++++ ENTRIES SHOWN
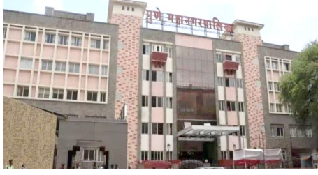
आणि अतिक्रमणांच्या गुंत्यात हा प्रकल्प खडबडला होतो.

कात्रज ते कोंढवा हा शहरातील सर्वाधिक वर्दळीचा मार्ग मानला जातो. वाढती लोकसंख्या, वेगाने वाढणाऱ्या गृहसंपुके आणि व्यावसायिक आस्थापनांमुळे या मार्गावर दिवसाच्या बहितांश वेळेत वाहतूक कोंडीची समस्या निर्माण होत असते. अनेक वर्षांपासून या रस्त्याच्या रुंदीकरणाला मागणी होत असली तरी जमीन संपादन
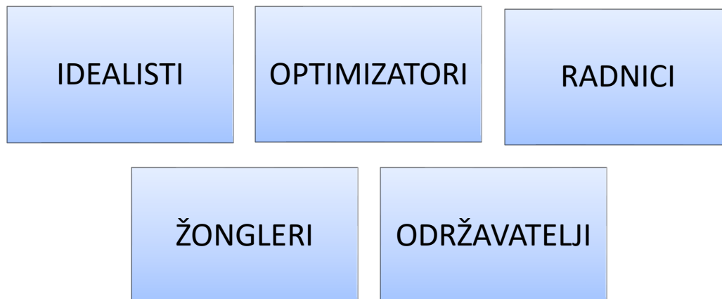
Slika 2. Tipovi poduzetnika
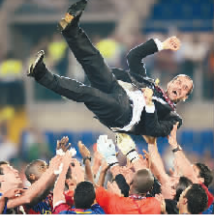
巴萨队员将瓜迪奥拉抛向空中。

瓜迪奥拉在执教巴萨一线队之前，瓜迪奥拉仅仅是一个将巴萨二队从丁级带到丙级的教练。严格意义上来说，08/09赛季才是瓜迪奥拉在世界舞台上的处子秀。而这一年则是无比辉煌的，巴萨联赛中两回合双杀皇马，在伯纳乌6:2血洗皇马，提前三轮夺得西甲冠军，夺得俱乐部历史上第25座国王杯冠军，巴萨俱乐部历史上第三座欧冠冠军，创造西班牙足球历史纪录的联赛、杯赛、欧冠“三冠王”……一切的一切，都是这个“菜鸟”教练获得的，很难想象哪一个名帅能在这样的年龄、这样的处子赛季就获得至高的成绩。在欧洲职业足球历史上，仅有阿贾克斯、凯尔特人、埃因霍温、曼联、巴萨获得过联赛、杯赛、欧冠“三冠王”，像瓜帅这般处子赛季便带队创下佳绩的是绝无仅有的。瓜迪奥拉开创了足球历史上一个新的纪录！(伊克)
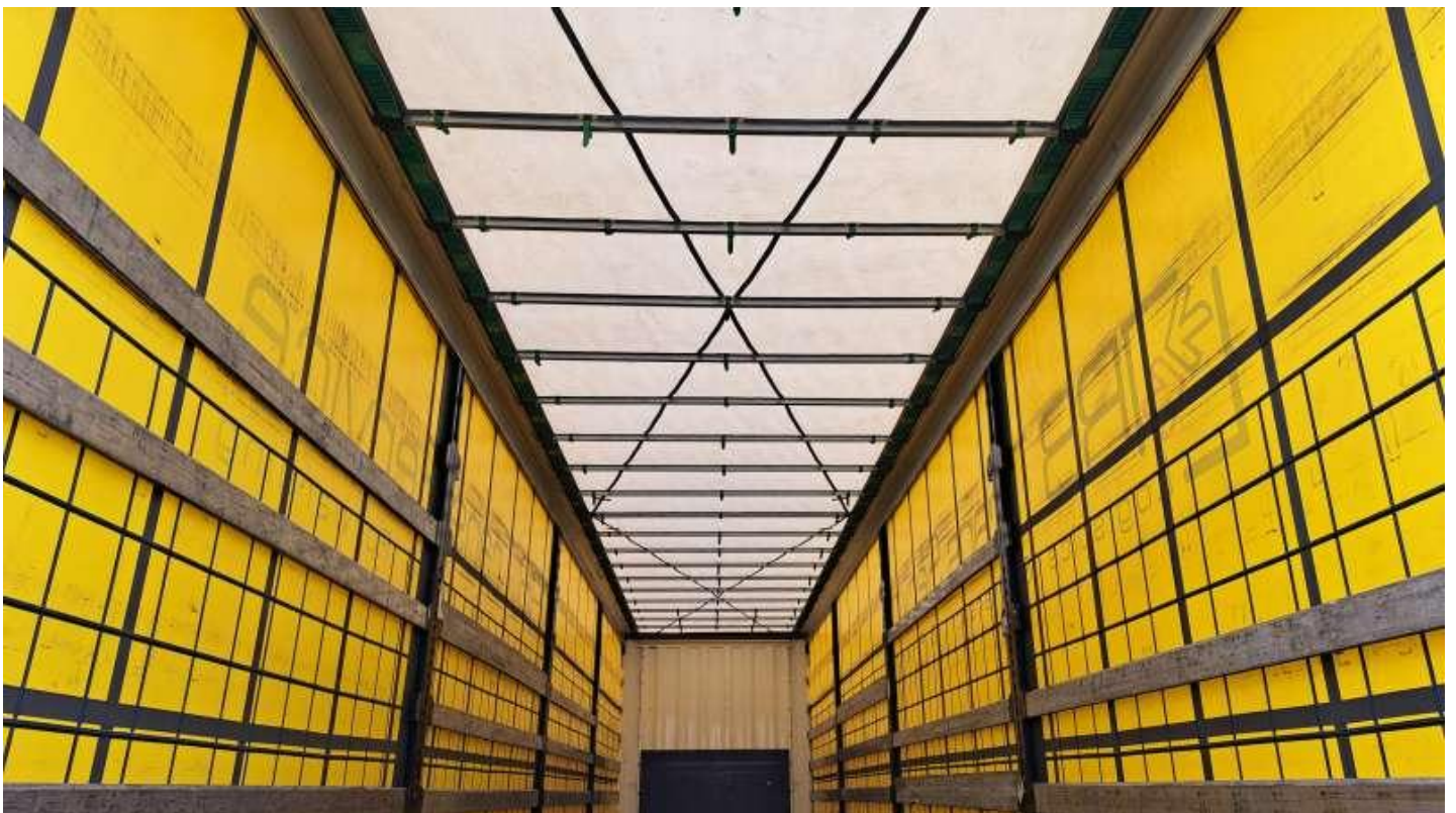
Fot. nr 44
++++++++
▶ **REQUIRED WORK**: The entries above are to be restated verbatim, with no pictures carried over.

▶ **REPLY TO THE EXERCISE**:
आणि अतिक्रमणांच्या गुंत्यात हा प्रकल्प खडबडला होतो.

कात्रज ते कोंढवा हा शहरातील सर्वाधिक वर्दळीचा मार्ग मानला जातो. वाढती लोकसंख्या, वेगाने वाढणाऱ्या गृहसंपुके आणि व्यावसायिक आस्थापनांमुळे या मार्गावर दिवसाच्या बहितांश वेळेत वाहतूक कोंडीची समस्या निर्माण होत असते. अनेक वर्षांपासून या रस्त्याच्या रुंदीकरणाला मागणी होत असली तरी जमीन संपादन
Slika 2. Tipovi poduzetnika
巴萨队员将瓜迪奥拉抛向空中。

瓜迪奥拉在执教巴萨一线队之前，瓜迪奥拉仅仅是一个将巴萨二队从丁级带到丙级的教练。严格意义上来说，08/09赛季才是瓜迪奥拉在世界舞台上的处子秀。而这一年则是无比辉煌的，巴萨联赛中两回合双杀皇马，在伯纳乌6:2血洗皇马，提前三轮夺得西甲冠军，夺得俱乐部历史上第25座国王杯冠军，巴萨俱乐部历史上第三座欧冠冠军，创造西班牙足球历史纪录的联赛、杯赛、欧冠“三冠王”……一切的一切，都是这个“菜鸟”教练获得的，很难想象哪一个名帅能在这样的年龄、这样的处子赛季就获得至高的成绩。在欧洲职业足球历史上，仅有阿贾克斯、凯尔特人、埃因霍温、曼联、巴萨获得过联赛、杯赛、欧冠“三冠王”，像瓜帅这般处子赛季便带队创下佳绩的是绝无仅有的。瓜迪奥拉开创了足球历史上一个新的纪录！(伊克)
Fot. nr 44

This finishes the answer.